YOUR OBJECTIVE :: Only one span of the material below is wanted. Output it exactly, from the line with "ZARA Gray Basic" through the line with "5. Добавить кипяток, перемешать", without any pictures.

EXERCISE MATERIAL ::
::::::::::

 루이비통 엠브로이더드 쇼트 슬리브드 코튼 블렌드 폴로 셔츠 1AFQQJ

::::::::::

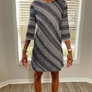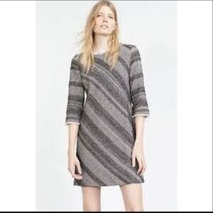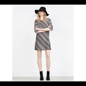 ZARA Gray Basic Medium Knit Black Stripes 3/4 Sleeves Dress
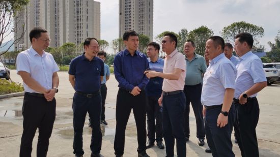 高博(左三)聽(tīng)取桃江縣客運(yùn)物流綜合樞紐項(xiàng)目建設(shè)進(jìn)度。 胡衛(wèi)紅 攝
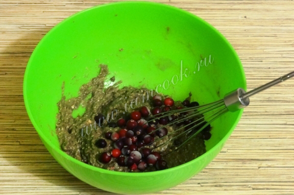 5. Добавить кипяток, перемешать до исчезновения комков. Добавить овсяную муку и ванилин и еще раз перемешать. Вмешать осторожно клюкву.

::::::::::

RESULT ::
 ZARA Gray Basic Medium Knit Black Stripes 3/4 Sleeves Dress
 高博(左三)聽(tīng)取桃江縣客運(yùn)物流綜合樞紐項(xiàng)目建設(shè)進(jìn)度。 胡衛(wèi)紅 攝
 5. Добавить кипяток, перемешать до исчезновения комков. Добавить овсяную муку и ванилин и еще раз перемешать. Вмешать осторожно клюкву.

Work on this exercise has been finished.